Prompt
These records contain pictures, which must be left out; copy exactly the lines from the one with "탈착식 지퍼 파우치가 특징이며 가죽 탑 핸들을 활용해" up to and including the one with "8月19日上午,浙江大学一广".

(Recorded data)
<<<<

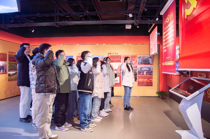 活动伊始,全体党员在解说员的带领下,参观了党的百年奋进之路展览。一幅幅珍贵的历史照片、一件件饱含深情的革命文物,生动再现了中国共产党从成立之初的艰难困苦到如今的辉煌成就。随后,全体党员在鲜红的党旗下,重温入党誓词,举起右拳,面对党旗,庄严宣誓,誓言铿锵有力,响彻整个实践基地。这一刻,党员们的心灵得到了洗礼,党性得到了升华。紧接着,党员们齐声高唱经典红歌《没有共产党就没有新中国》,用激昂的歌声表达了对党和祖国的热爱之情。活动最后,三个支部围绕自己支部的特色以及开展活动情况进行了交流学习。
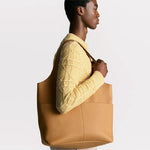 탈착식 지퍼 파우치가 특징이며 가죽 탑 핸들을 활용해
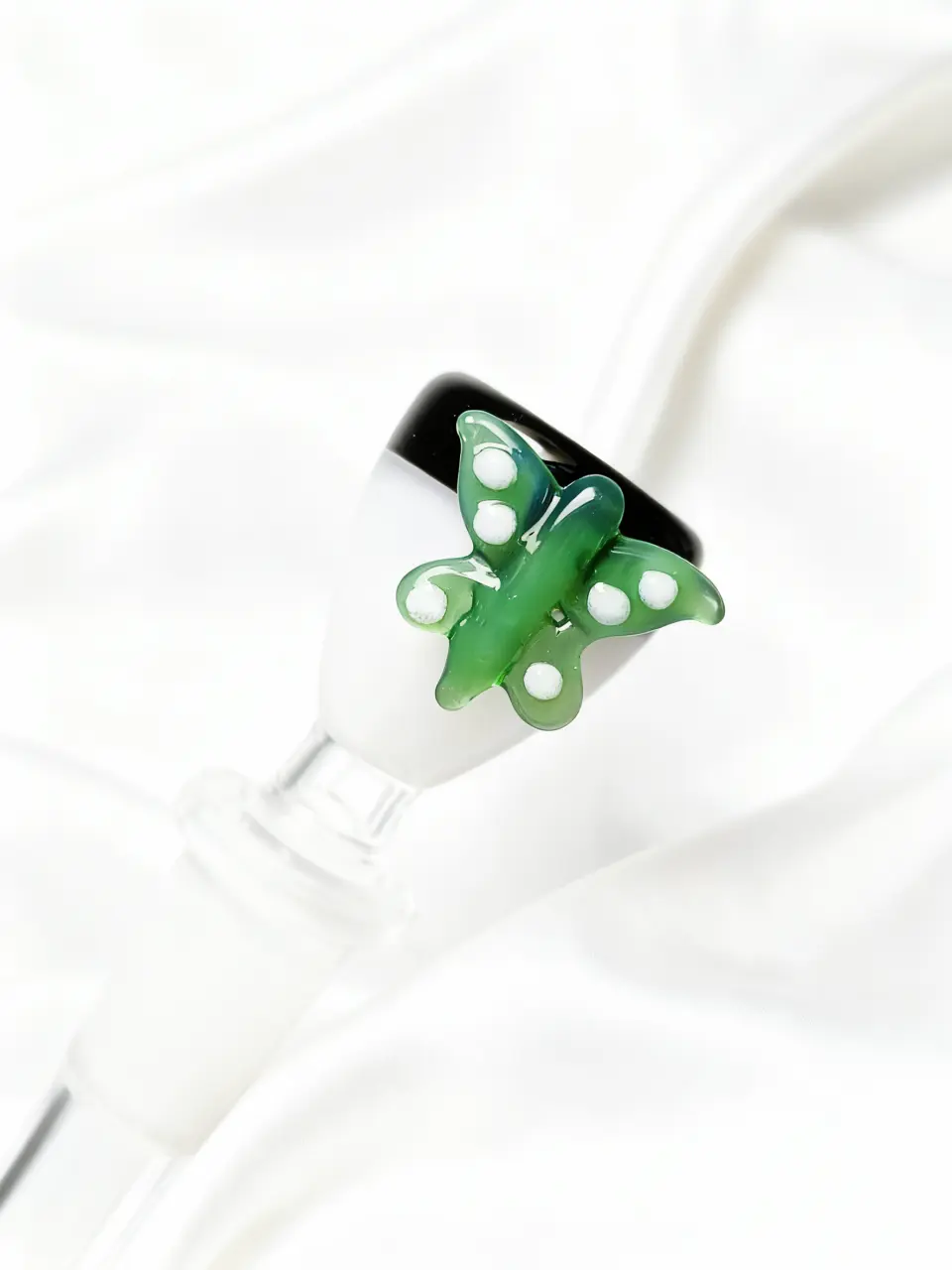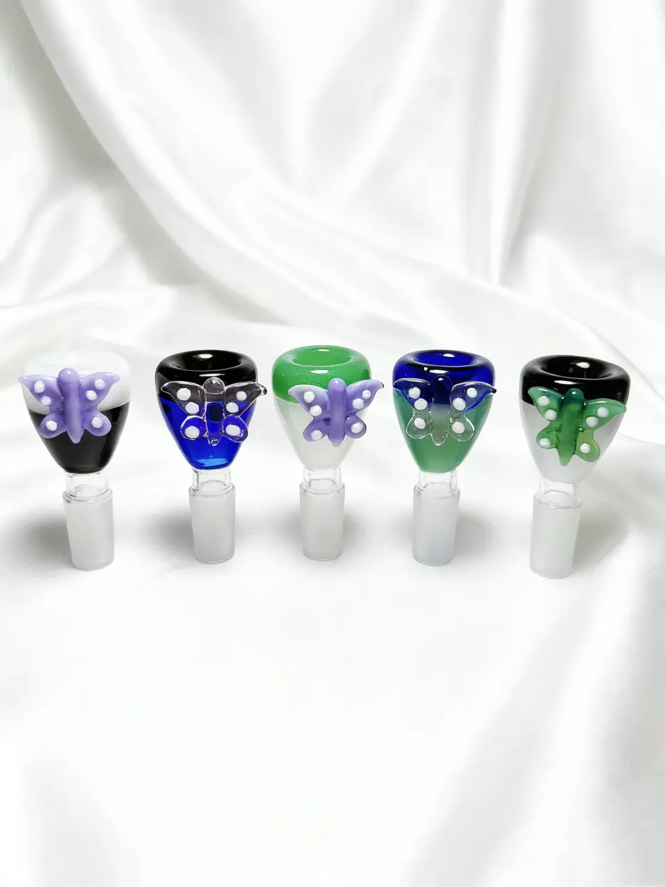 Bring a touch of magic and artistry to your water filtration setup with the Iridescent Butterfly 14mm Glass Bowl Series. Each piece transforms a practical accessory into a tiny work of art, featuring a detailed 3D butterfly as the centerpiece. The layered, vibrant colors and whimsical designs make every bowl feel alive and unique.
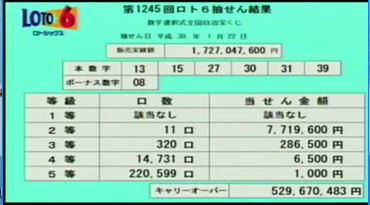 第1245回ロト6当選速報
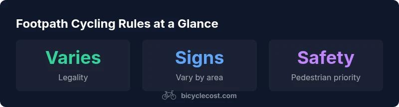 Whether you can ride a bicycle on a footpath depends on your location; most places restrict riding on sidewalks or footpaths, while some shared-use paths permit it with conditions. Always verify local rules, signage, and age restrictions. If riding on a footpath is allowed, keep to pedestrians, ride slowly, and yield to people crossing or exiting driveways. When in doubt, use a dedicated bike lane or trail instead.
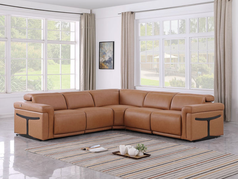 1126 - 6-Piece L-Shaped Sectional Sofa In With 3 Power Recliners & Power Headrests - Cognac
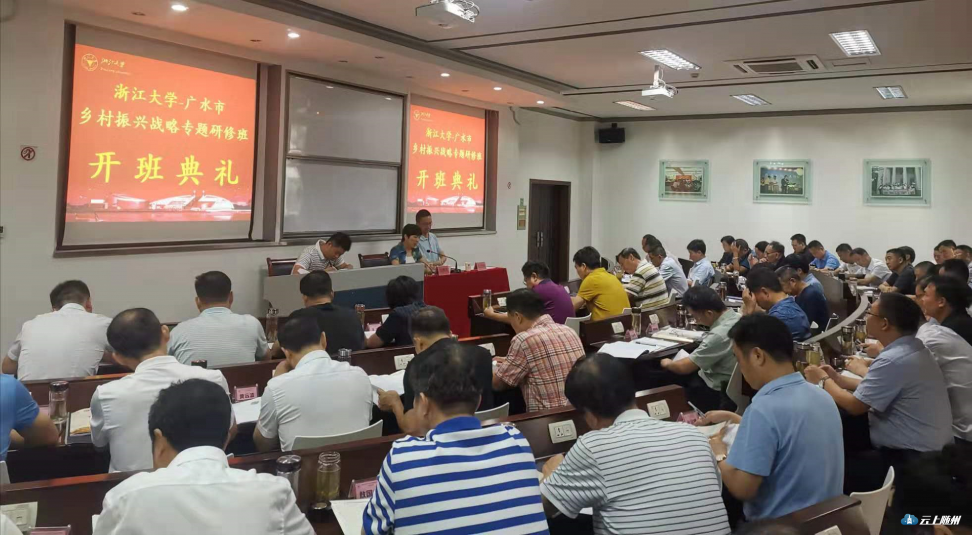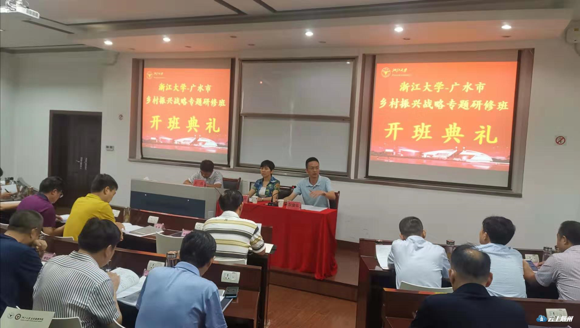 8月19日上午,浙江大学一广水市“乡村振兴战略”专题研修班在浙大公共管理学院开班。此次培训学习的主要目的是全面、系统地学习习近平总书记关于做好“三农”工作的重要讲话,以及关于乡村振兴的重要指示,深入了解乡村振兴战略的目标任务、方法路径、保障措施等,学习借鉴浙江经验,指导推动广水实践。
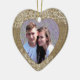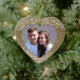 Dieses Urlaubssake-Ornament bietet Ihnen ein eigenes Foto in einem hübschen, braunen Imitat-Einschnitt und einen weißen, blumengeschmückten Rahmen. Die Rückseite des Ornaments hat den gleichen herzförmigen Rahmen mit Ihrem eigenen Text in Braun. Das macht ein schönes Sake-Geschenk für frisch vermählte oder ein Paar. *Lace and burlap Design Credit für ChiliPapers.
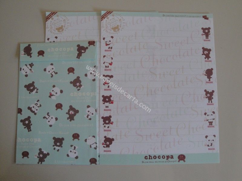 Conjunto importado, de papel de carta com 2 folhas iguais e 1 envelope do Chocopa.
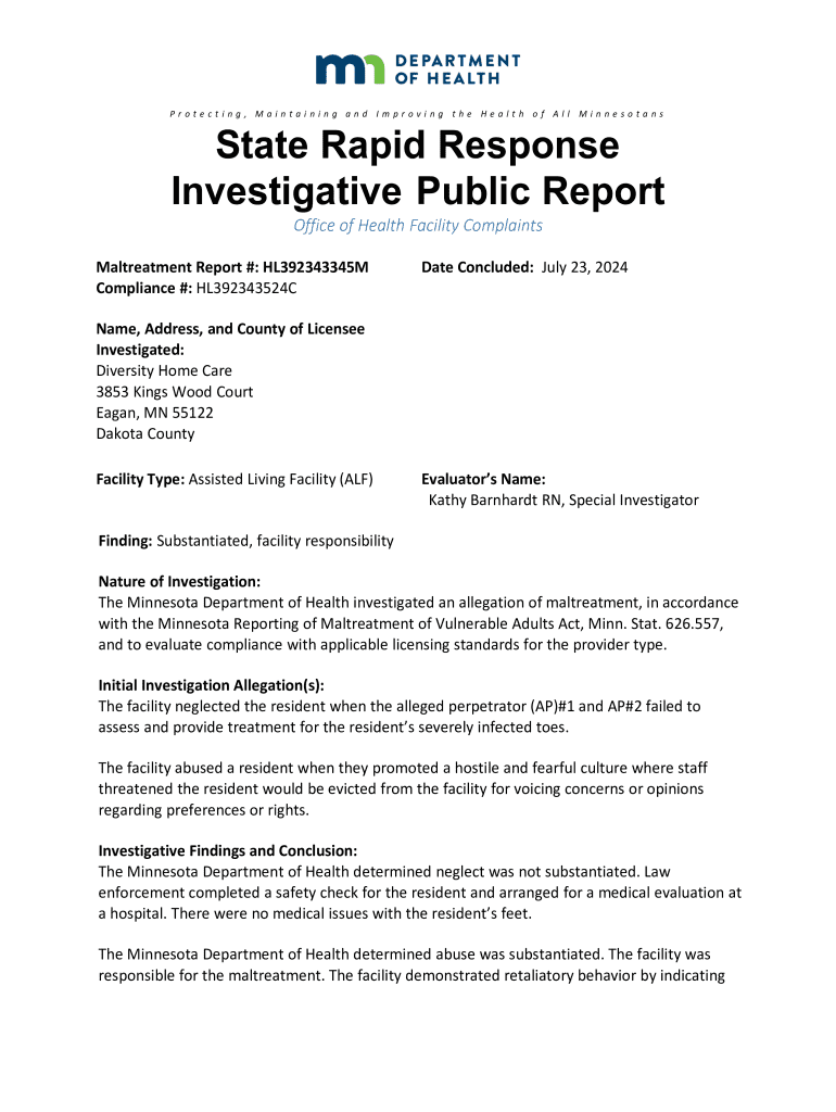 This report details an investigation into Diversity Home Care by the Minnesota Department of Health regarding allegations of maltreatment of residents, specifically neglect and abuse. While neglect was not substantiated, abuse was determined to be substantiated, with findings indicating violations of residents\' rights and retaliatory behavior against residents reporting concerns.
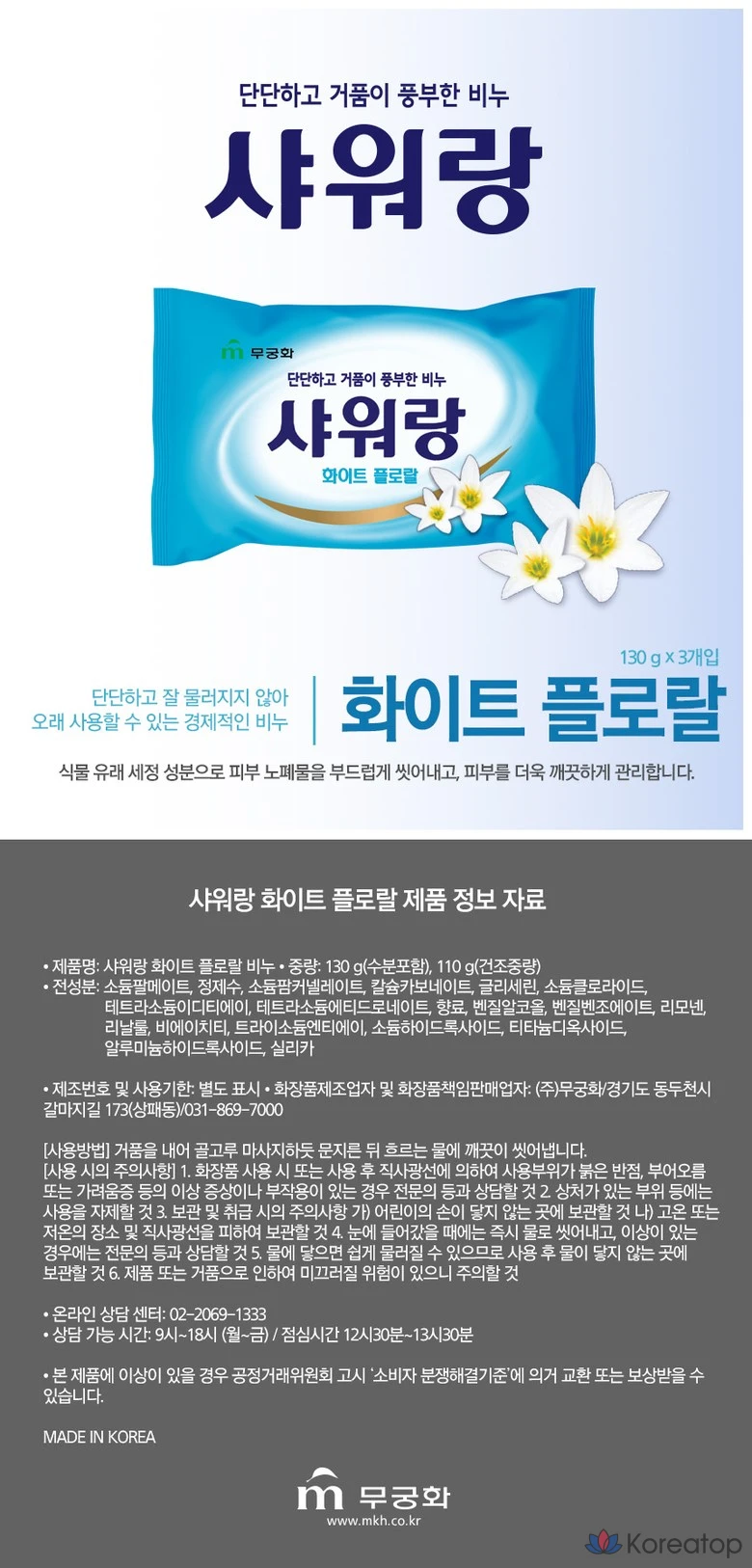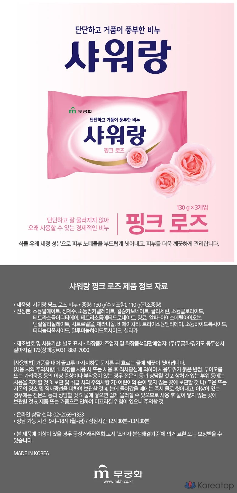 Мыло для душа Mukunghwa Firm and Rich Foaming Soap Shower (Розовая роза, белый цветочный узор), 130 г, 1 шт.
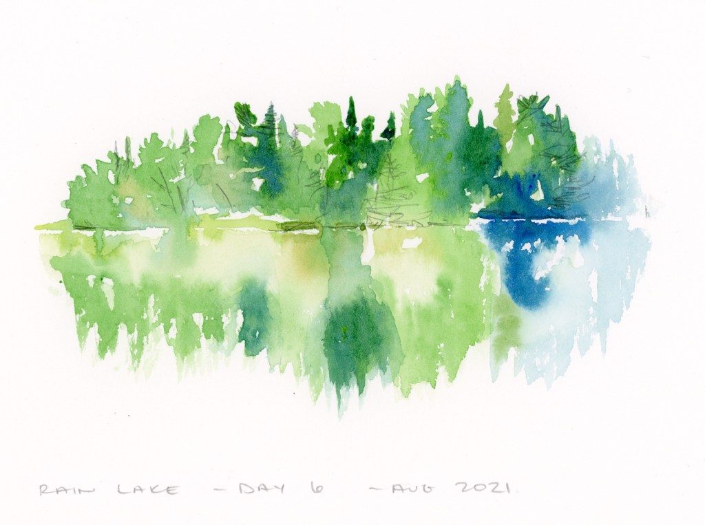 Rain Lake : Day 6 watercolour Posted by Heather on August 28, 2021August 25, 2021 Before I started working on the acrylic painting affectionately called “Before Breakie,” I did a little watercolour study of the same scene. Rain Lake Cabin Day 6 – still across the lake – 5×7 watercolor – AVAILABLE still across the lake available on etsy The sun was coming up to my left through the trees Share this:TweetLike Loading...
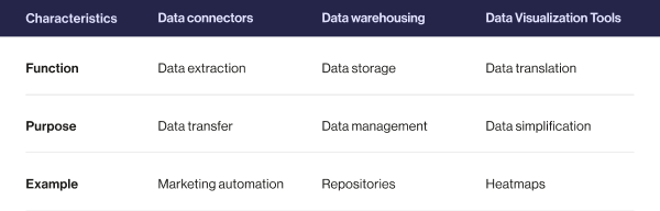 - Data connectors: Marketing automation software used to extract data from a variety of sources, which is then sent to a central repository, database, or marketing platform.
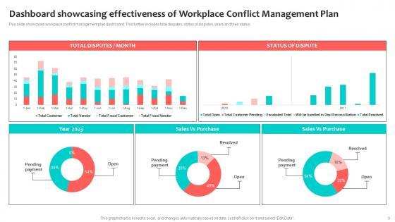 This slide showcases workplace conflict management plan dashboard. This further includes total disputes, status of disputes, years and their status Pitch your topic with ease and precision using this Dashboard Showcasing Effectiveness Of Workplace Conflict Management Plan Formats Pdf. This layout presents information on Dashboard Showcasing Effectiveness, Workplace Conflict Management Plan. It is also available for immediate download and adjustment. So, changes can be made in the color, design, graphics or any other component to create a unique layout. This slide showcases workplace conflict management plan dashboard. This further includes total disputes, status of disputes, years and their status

>>>>

Output of the exercise
 탈착식 지퍼 파우치가 특징이며 가죽 탑 핸들을 활용해
 Bring a touch of magic and artistry to your water filtration setup with the Iridescent Butterfly 14mm Glass Bowl Series. Each piece transforms a practical accessory into a tiny work of art, featuring a detailed 3D butterfly as the centerpiece. The layered, vibrant colors and whimsical designs make every bowl feel alive and unique.
 第1245回ロト6当選速報
 Whether you can ride a bicycle on a footpath depends on your location; most places restrict riding on sidewalks or footpaths, while some shared-use paths permit it with conditions. Always verify local rules, signage, and age restrictions. If riding on a footpath is allowed, keep to pedestrians, ride slowly, and yield to people crossing or exiting driveways. When in doubt, use a dedicated bike lane or trail instead.
 1126 - 6-Piece L-Shaped Sectional Sofa In With 3 Power Recliners & Power Headrests - Cognac
 8月19日上午,浙江大学一广水市“乡村振兴战略”专题研修班在浙大公共管理学院开班。此次培训学习的主要目的是全面、系统地学习习近平总书记关于做好“三农”工作的重要讲话,以及关于乡村振兴的重要指示,深入了解乡村振兴战略的目标任务、方法路径、保障措施等,学习借鉴浙江经验,指导推动广水实践。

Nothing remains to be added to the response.